How are ALTO butterfly max profit and max loss calculated?
Max profit equals the wing width minus net debit times 100 (reached when the underlying pins the middle strike); max loss equals the net debit times 100. Two breakevens at lower-wing plus debit and upper-wing minus debit. For the ALTO butterfly priced from the end-of-day chain at a 30-day expiry (ATM IV 67.70%), the computed maximum profit is unbounded per contract and the computed maximum loss is unbounded per contract. Live intraday quotes will differ as the chain moves through the trading session.
What is the breakeven for a ALTO butterfly?

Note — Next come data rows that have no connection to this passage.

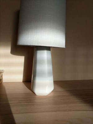 Add an element of class to any table with this Dipped Ceramic Small Lamp Base Blue/White from Threshold™. This two-toned ceramic lamp boasts a handmade look. Featuring a muted lamp base that will add cool tones to your room while the light will emit a warm and welcoming glow. Its neutral shade will coordinate beautifully with a wide variety of lamp shades.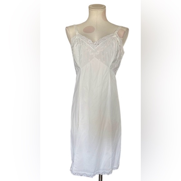 vintage slip dress white slip lingerie nylon slip embroidered lace slip 1960s lingerie 1970s lingerie made in usa sears vintage underdress sleepwear vintage intimates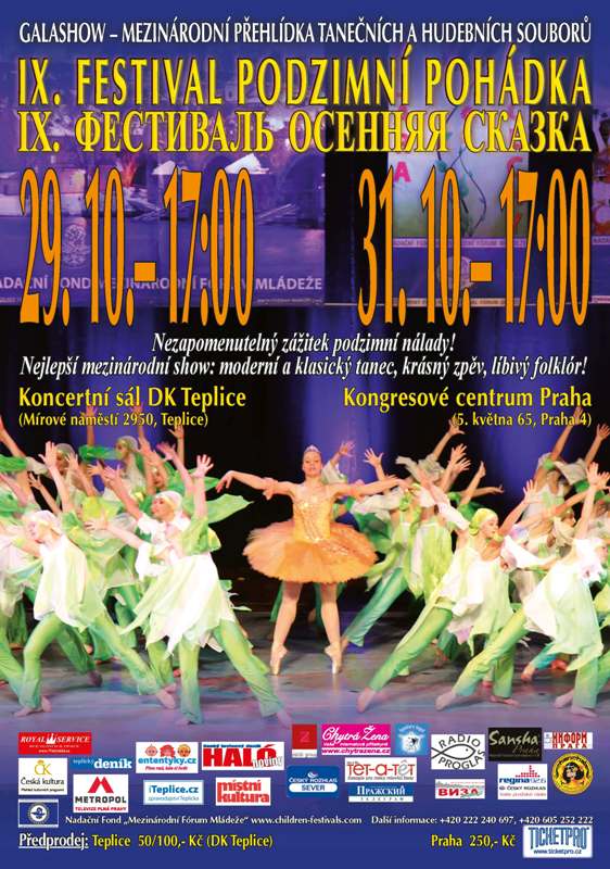 | Popis: | Jíž po deváté Praha bude hostit tolik oblíbený Mezinárodní festival dětí a Mládeže Podzimní pohádka. 29. října 17:00 Dům Kultury Teplice (Mírové náměstí 2950, Teplice) 31. října 17:00 Kongresové centrum Praha (5.května 65, Praha 4) Festival, který je mezinárodní přehlídkou hudebních a tanečních souborů i letos přivítá účinkující z různých států. Série Teplických a Pražských gala- koncertů nabídnou rozmanitou hudební a taneční podívanou, během které vystoupí laureáti festivalů. Diváky čeká originální dějové nápady moderního a klasického tance, krásný sborový zpěv, pestrý líbivý folklor, svérázné a barevné kostýmy. Cena vstupenek a předprodej: Teplice – 50/150 ,- Kč pokladna Dům Kultury Teplice Praha 250,- Kč, předprodej v Ticketpro Akci pořádá Nadační Fond "Mezinárodní Fórum Mládeže" www.children-festivals.com Další informace: +420 222 240 697, +420 605 252 222 |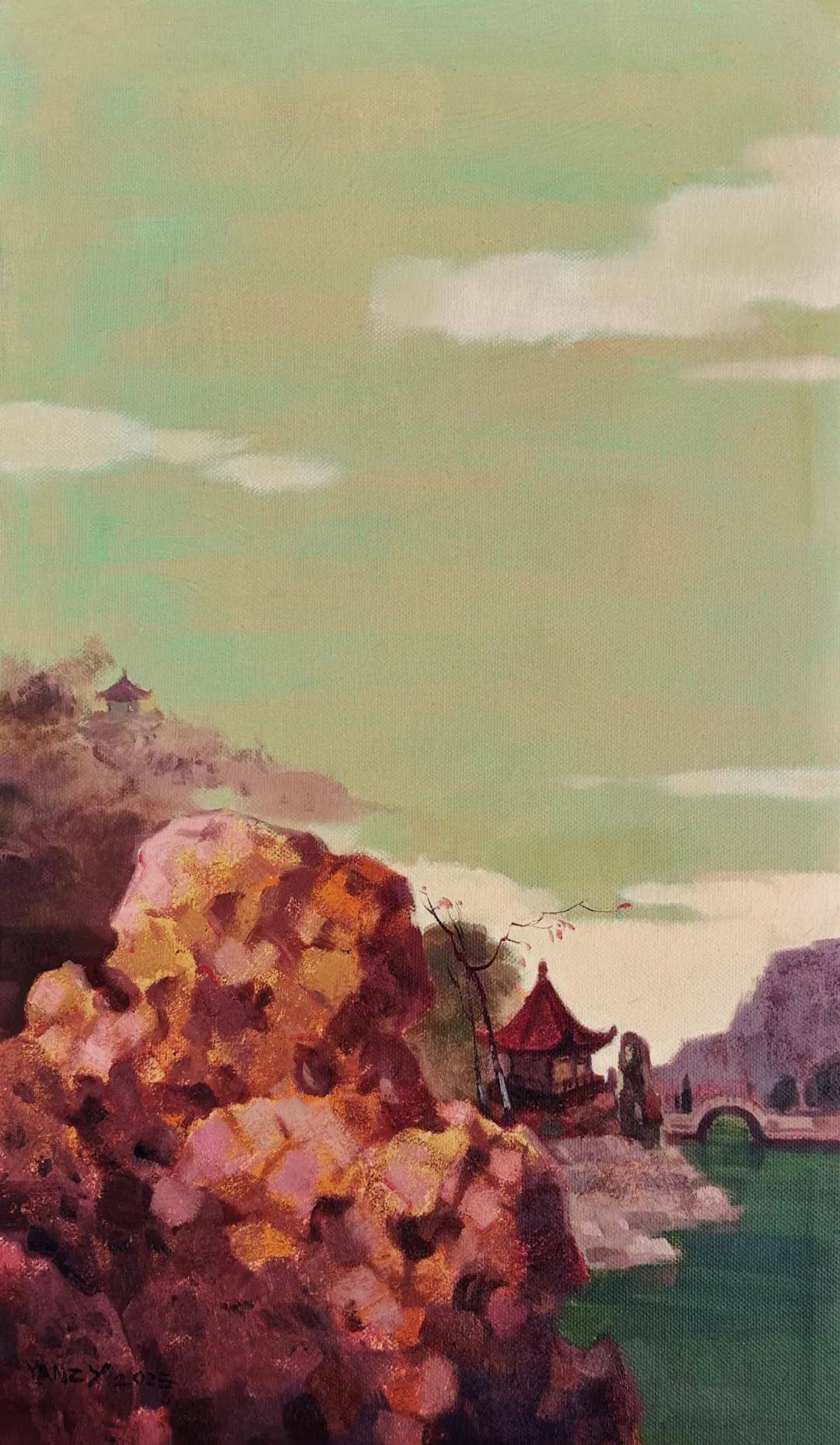 严子宇《画里苏杭 鸣琴而治》 50cm x 86cm 油画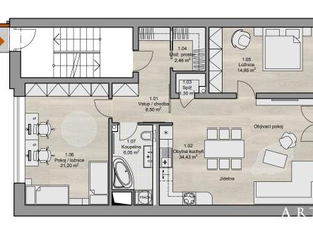 REZERVUJ DO 31.01.2026 a obdržíš poukaz v hodnotě 150.000,- Kč na kuchyňskou linku. Exkluzivní novostavba bytu s balkonem a nádherným výhledem – Vavřinec u Blanska Hledáte domov, který kombinuje klid, soukromí, luxusní prostor a kvalitní stavbu? Máme pro vás jedinečnou nabídku – prostorný, slunný byt v exkluzivním viladomě v malebném Vavřinci u Blanska. Tento cihlový dům nejvyšší kvality byl postaven s maximálním důrazem na energetickou úspornost a dlouhou životnost. Všechny stropy včetně střešní konstrukce jsou monolitické železobetonové, příčkové zdivo zděné, interiérové dveře vysoké 210 cm a po celém bytě je komfortní podlahové vytápění. Dominantou bytu je obývací pokoj s kuchyňským koutem o rozloze 34,4 m² s přímým vstupem na balkon (6,7 m²), odkud vás okouzlí nerušený výhled na okolní louky a lesy. Byt je navržen tak, aby poskytoval maximální ergonomii a prostor – nechybí ani samostatná zděná spíž v kuchyni a prostorná šatna u vstupu. Součástí prodeje je vlastní parkovací stání a sklepní kóje v suterénu domu. Viladům je koncipován s ohledem na absolutní soukromí – každý byt má promyšlené umístění, aby byl klid a maximální komfort . Dispozice bytu: Obývací pokoj s jídelnou: 34,43 m² Ložnice: 14,85 m² Pokoj: 21,20 m² Koupelna: 6,05 m² Chodba: 8,50 m² Spíž: 1,30 m² Balkon: 6,7 m² Sklep: 4,60 m² Užitná plocha bez balkonu a sklepa: 89 m² Lokalita: Vavřinec nabízí přímé autobusové spojení do Blanska a kouzlo bydlení v přírodě, přesto s dobrou dostupností města. Aktuálně pracujeme na dokončení bytů, předpokládaný termín kolaudace je koncem tohoto roku. Cena je za dokončený, zkolaudovaný byt bez kuchyňské linky. Dopřejte si domov, který má vše, doporučuji osobní prohlídku. Na konci fotogalerie průběh stavby.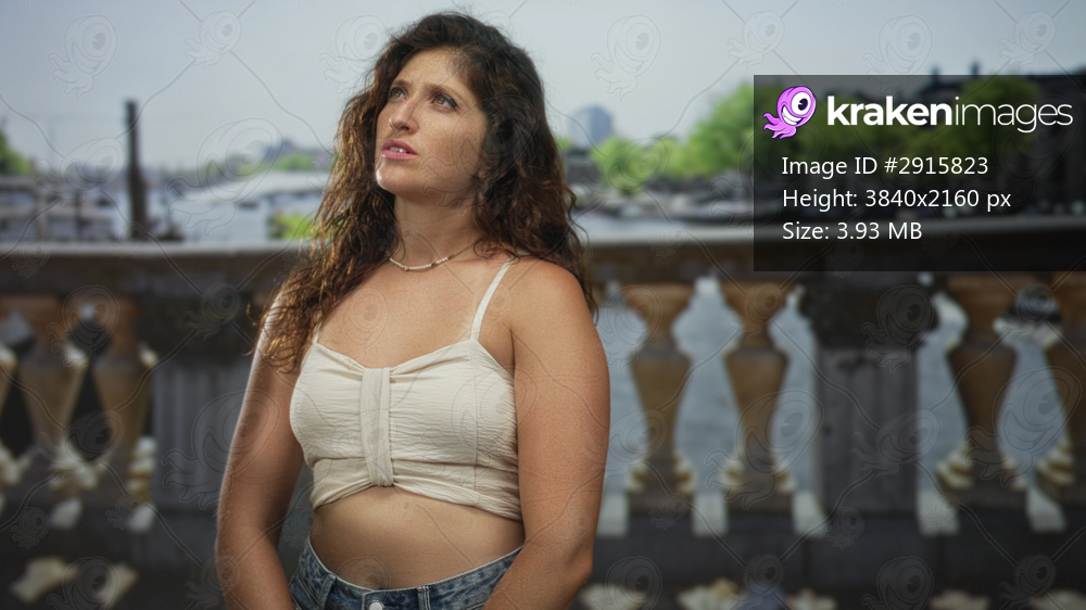 Woman with exposed stomach wearing a cream crop top and jeans gazing up on street by a canal balustrade in amsterdam; quiet contemplation.

The breakeven for the ALTO butterfly priced on this page is no defined breakeven on the modeled curve at expiration, derived from end-of-day chain premiums. Breakeven is the underlying price at which the strategy's P&L crosses zero ignoring transaction costs and assignment risk. The current ALTO market-implied 1-standard-deviation expected move is approximately 19.41%; if the move sits well outside the breakeven distance, the structure's risk-reward becomes correspondingly tighter.
When should you consider a butterfly on ALTO?
Butterflies on ALTO are pinning bets - traders use them when they expect ALTO to settle near a specific level at expiration (often the prior close, a round number, or the max-pain strike) and want defined-risk exposure to that outcome.
How does current ALTO implied volatility affect this butterfly?
ALTO ATM IV is at 67.70% with IV rank near 11.88%, which is on the low end of its 1-year range. Premium-buying structures (long call, long put, debit spreads) are relatively cheap in this regime; premium-selling structures collect less credit per unit risk.